"""
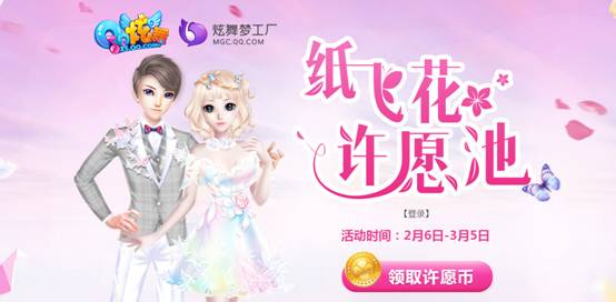 《QQ炫舞》梦工厂为大家准备了一场纸飞花蝴蝶盛宴。活动期间到活动页面许愿,梦工厂“蝶满芳芳”专属套装就是你的!那么如何获得许愿币呢?下面跟着小编一起来看看吧。 纸飞花许愿池 活动时间:2月6日-3月5日活动地址:点此进入 一、看直播得许愿币 在活动期间,每日使
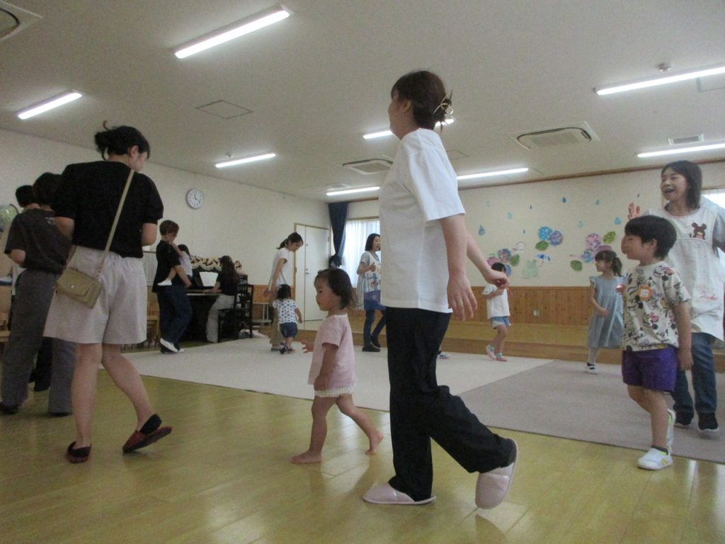 初めての未就園児のお友だちが参加してくれて、音楽に合わせてみんなで体を動かしました。
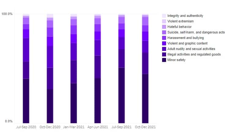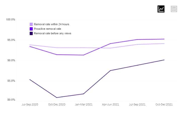 - ในจำนวนนั้น 95.2% ถูกลบออกก่อนมีการรายงานซึ่งนับเป็นการตรวจจับเชิงรุก และอีก 90.1% ถูกลบออกก่อนที่จะมีการดู และอีก 94.1% ถูกลบภายใน 24 ชั่วโมงหลังจากการโพสต์
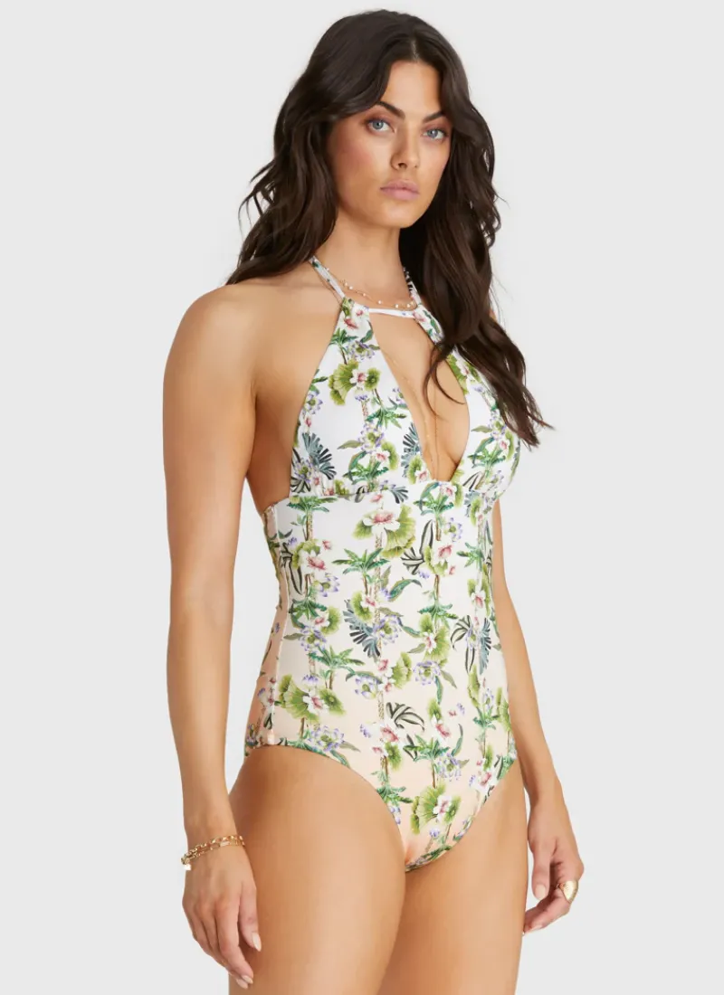 Meet the Daffodil Juno One Piece by Aqua Blu Australia, the perfect combination of style and comfort. This swimsuit features a flattering V-neck halter neck tie, placement print, square back and charm detailing. From going to beach to bar this piece is the perfect choice for the woman who values both style and function.
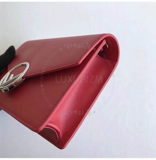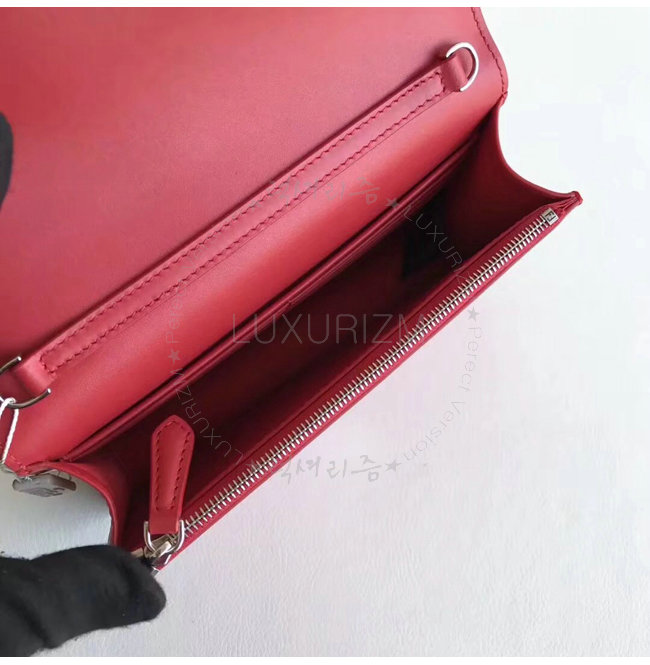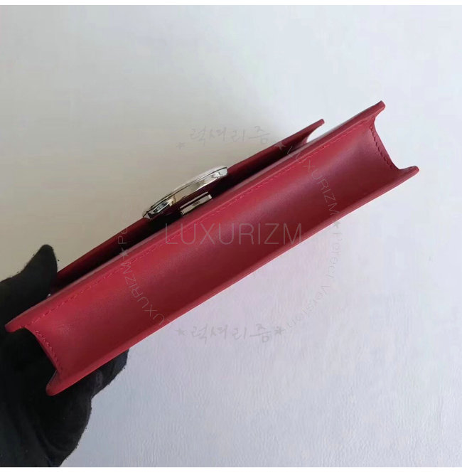 탈부착 가능한 체인 숄더 스트랩. 펄 레드 컬러의 송아지 가죽 소재. 팔라듐 피니싱 메탈장식.
"""
Task instructions: Your output is the lines from the top of the entries through the line containing "- ในจำนวนนั้น 95.2%", exactly as they stand. No pictures belong in it.

Problem solution:
 《QQ炫舞》梦工厂为大家准备了一场纸飞花蝴蝶盛宴。活动期间到活动页面许愿,梦工厂“蝶满芳芳”专属套装就是你的!那么如何获得许愿币呢?下面跟着小编一起来看看吧。 纸飞花许愿池 活动时间:2月6日-3月5日活动地址:点此进入 一、看直播得许愿币 在活动期间,每日使
 初めての未就園児のお友だちが参加してくれて、音楽に合わせてみんなで体を動かしました。
 - ในจำนวนนั้น 95.2% ถูกลบออกก่อนมีการรายงานซึ่งนับเป็นการตรวจจับเชิงรุก และอีก 90.1% ถูกลบออกก่อนที่จะมีการดู และอีก 94.1% ถูกลบภายใน 24 ชั่วโมงหลังจากการโพสต์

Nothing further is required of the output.